In January 2019, QEP closed its previously announced divestiture of its oil and gas assets and gathering system in the Haynesville/Cotton Valley for net cash proceeds of
$605.1 million
, subject to post-closing purchase price adjustments (Haynesville Divestiture). In addition,
$32.2 million
was placed in escrow due to title defects asserted prior to closing, all or a portion of which QEP expects to receive pursuant to the purchase and sale agreement's title dispute resolution procedures. As of
December 31, 2018
, the Haynesville/Cotton Valley assets were classified in the Company's Consolidated Financial Statements as held for sale.
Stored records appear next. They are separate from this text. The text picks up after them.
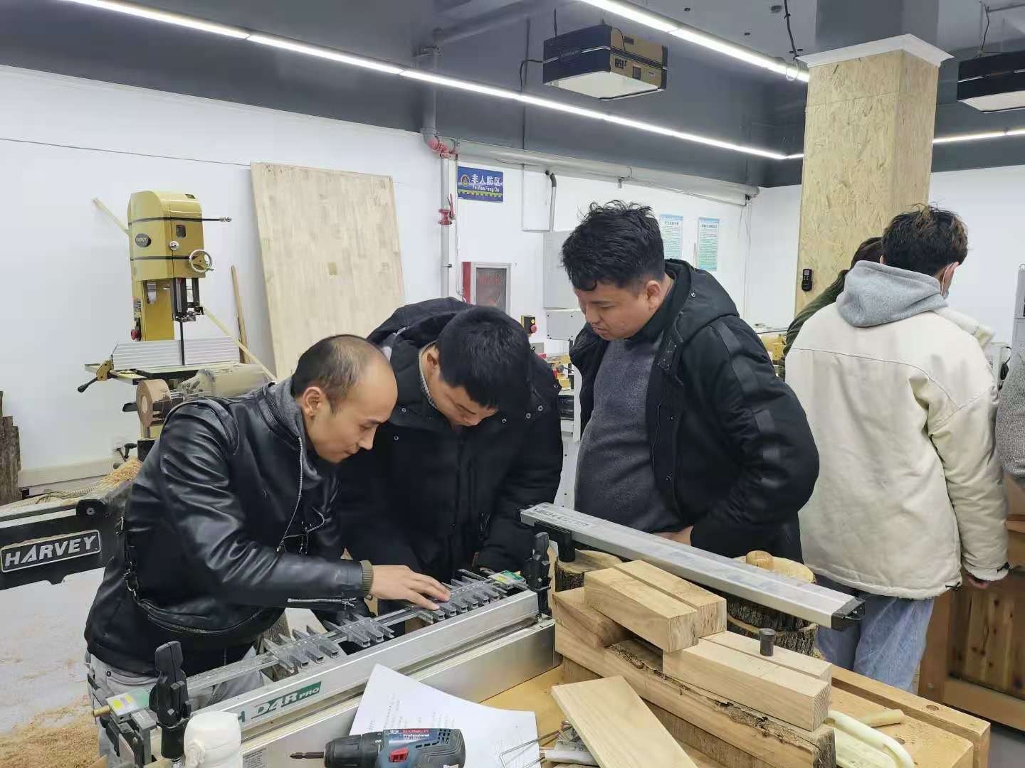曾学明非常注重木材的选用,对材质的品种、规格、等级、质量等都要进行严格把控。他告诉大家,使用木头不要急于切割,要先了解木头,观察木头纹理走向,做到物尽其用。过程中,师生们更加直观的明白了操作细节。曾学明亲自示范了推台锯,立铣设备的使用以及燕尾榫制作的培训等专业操作,并强调操作注意事项和要领,细心认真检查到位,遵守操作规则保护个人安全。最后,师生们围绕“专业性、系统性、参与性”几个方向与曾学明热情交流,更培养了学生在文创设计、家具设计、环艺设计等方面的创新创意能力,以及对工具使用的想象力以及空间想象力,使技术与艺术充分融合。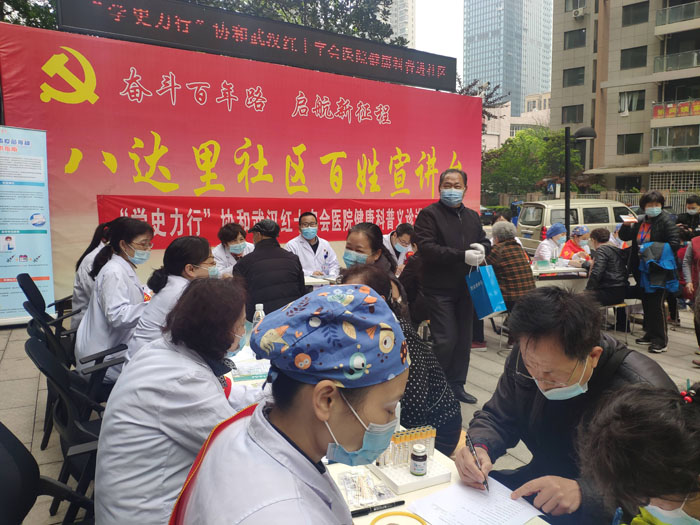 央廣網武漢4月8日消息(李磊 朱素芳 姚祖東)4月8日上午,協和武漢紅十字會醫院組織黨員醫生志愿服務隊走進江漢區常青街八達里社區,開展“學史力行”首場健康科普義診進社區活動。協和武漢紅十字會醫院13名專家現場為社區居民一對一進行醫療康復指導,給社區居民帶來了實實在在的關懷和幫助。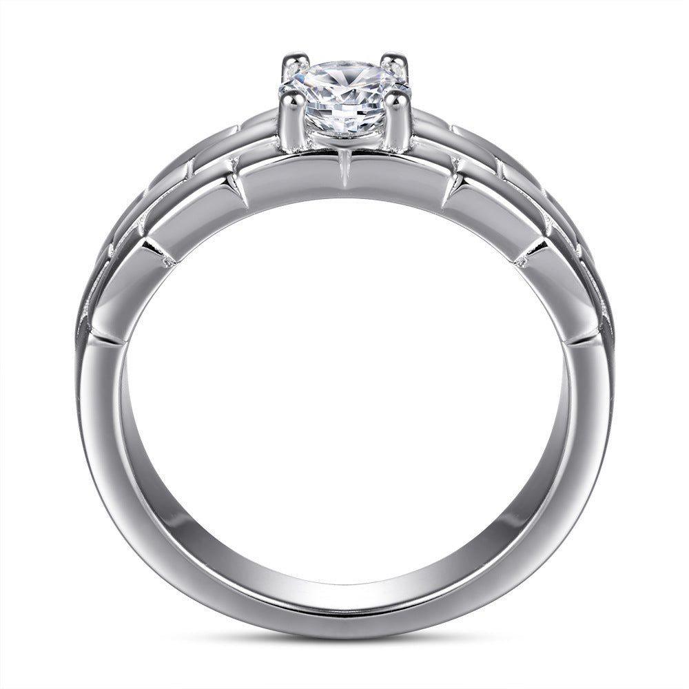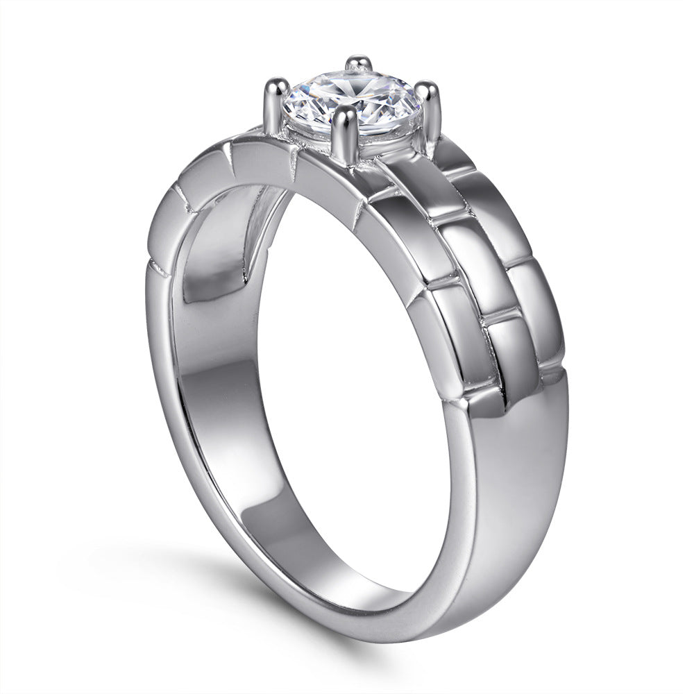 Round Zircon Watch Chain Silver Ring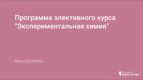 Элективный курс по экспериментальной химии для 9-х классов естественного цикла содержит программу, тематическое планирование, предоставляет учителю широкий выбор в творческом проведении уроков.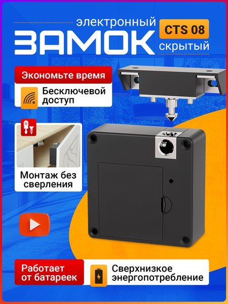 Скрытый замок TAYMLUX GS-CTS08 имеет скрытое исполнение, применятся для дома, офиса, спортзалов, саун, в торговых павильонах и для других коммерческих и жилых помещений. Наш замок для шкафчика - это эффективное современное решение в случае, если необходимо замаскировать потайное пространство или просто закрыть его от детей. Этот замок накладной для двери имеет достаточно широкое распространение. Наш замок накладной отлично подходит как для защиты от детей, так и для сохранности ценных вещей, находящихся в Вашем доме. Данный электромагнитный замок устанавливается на деревянные или металлические шкафчики как на выдвижные, так и на обычные дверцы. Этот умный замок устанавливается только на внутренние поверхности деревянных дверей. При установке, не требуется сверлений сквозных отверстий, поэтому, наружная поверхность дверцы шкафчика остается без каких либо изменений. Наш умный замок дверной устанавливается так, что о его наличии знает только владелец шкафчика. Работает электронный замок от 4-х батареек тип ААА или от источника питания 5В с круглым разъемом 2мм. Такой электронный замок на дверь имеет достаточно длительный срок службы, автономность работы от 4 пальчиковых батареек составляет порядка 12 месяцев. Замки на ящики от детей оснащены конструкцией, которая позволяет ставить замок мебельный в нескольких положениях относительно ригеля, что очень удобно в маленьких шкафчиках. Срабатывание ключ-карты происходит уже в 50 мм от электромеханического замка, что позволяет ставить данный замок на толстые межкомнатные двери. После прикладывания ключа, замок электромеханический остается открытым 10 секунд, после чего закрывается. При приближении остатка заряда батарей к критическому, устройство будет подавать звуковой сигнал при открывании электрозамка. Крепится замок для шкафа на 4 самореза (идут в комплекте). Замок от детей для шкафа разработан специально для небольших пространств. Замок для сейфа имеет следующие габариты (75х75х30 мм), которые позволяют удобно располагать скрытый замок как при вертикальном, так и горизонтальном типе установки, не нарушая при этом эргономику использования пространства. Этот скрытый замок для шкафа имеет инструкцию для записи нового ключа: Вы можете взять любые ключи - например, просто сходить и сделать дубликат от своего домофонного ключа, далее нажимаете на кнопку сброса (на задней стороне замка в углублении) и держите 3 сек, далее прислоняете новый ключ, будет создан мастер ключ (админ ключ), им уже можно пользоваться не удобно, так как после открытия замок будет сигналить 10 секунд, для более удобного использования Вам лучше сделать 2 ключа, что бы второй ключ записать как пользовательский, для этого нужно просто поднести ключ мастер(админ) к замку, а далее пока раздается сигнал в течении 10 сек поднести второй ключ и убрать его и дождаться окончания сигналов. После этого у Вас будут работать 2 ключа. Используя скрытый электронный замок, вы всегда можете самостоятельно закодировать дополнительные брелоки. Наш невидимый замок не предназначен для использования на улице, нет защиты от влаги. Надежный и долговечный замок без ключа поможет вам сохранить ваши ценные вещи в безопасности и под контролем. Он имеет гарантию 3 года - надежность нашего магазина.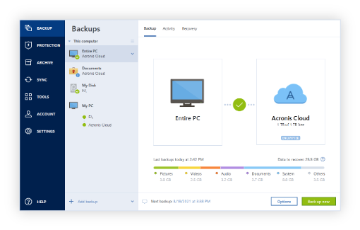 Disponibile sia per sistemi operativi Windows che macOS, con un unico abbonamento consente di proteggere fino a cinque computer e un numero illimitato di dispositivi mobili e tablet. Acronis True Image archivia e protegge oltre 42.000 terabyte di dati utente nel cloud e migliaia di terabyte aggiuntivi su dispositivi locali.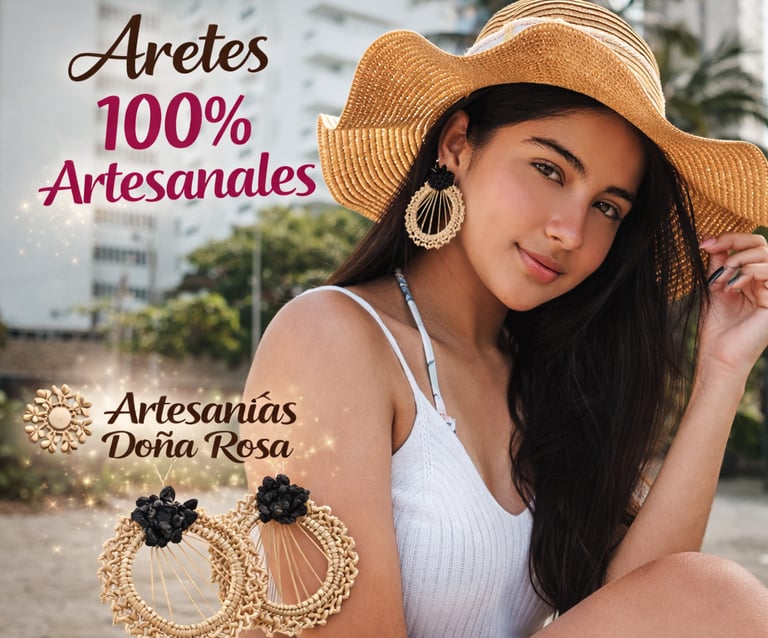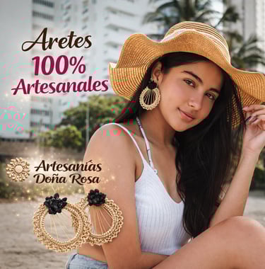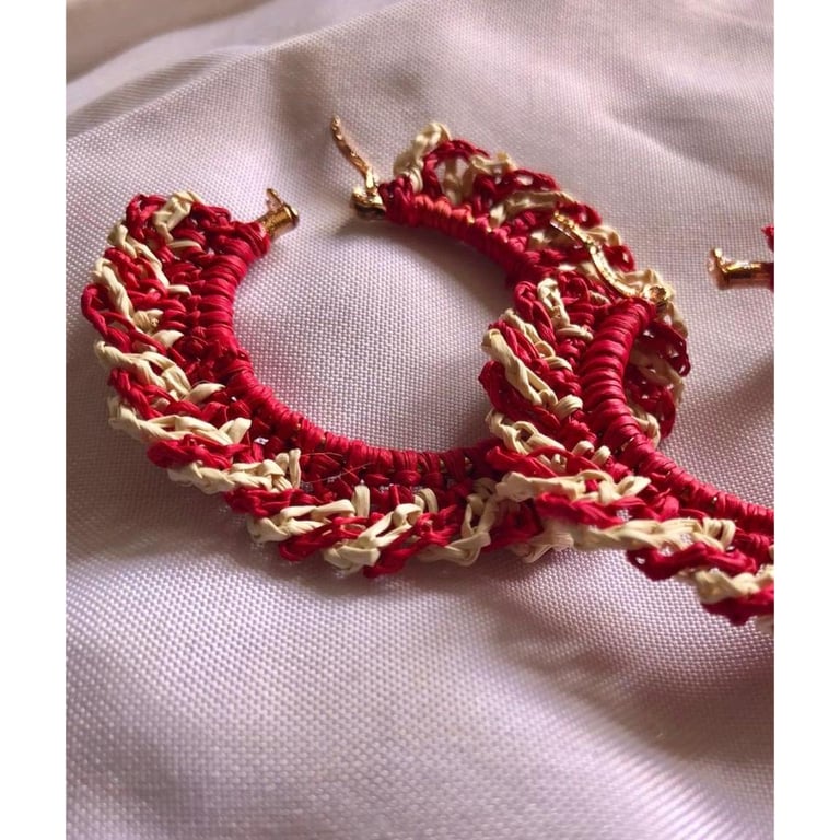 Diversidad de estilos de aretes tejidos en técnica crochet en iraca, demostrando la versatilidad que tiene tanto el material como la técnica empleada

In February 2019, QEP's Board of Directors commenced a comprehensive review of strategic alternatives to maximize shareholder value, which could result in a merger or sale of the Company or other transaction involving the Company's assets. QEP intends to engage in discussions with a variety of parties that have expressed interest in a potential transaction. Additionally, in light of the reduction of the Company's operational footprint over the last twelve months, QEP has reassessed its organizational needs and intends to significantly reduce its general and administrative expense (excluding
$61.0 million
of expenses associated with our 2018 Strategic Initiatives) by approximately 45% to ensure its cost structure is competitive with industry peers. The Company expects that the majority of the organizational changes will be implemented during the first half of 2019.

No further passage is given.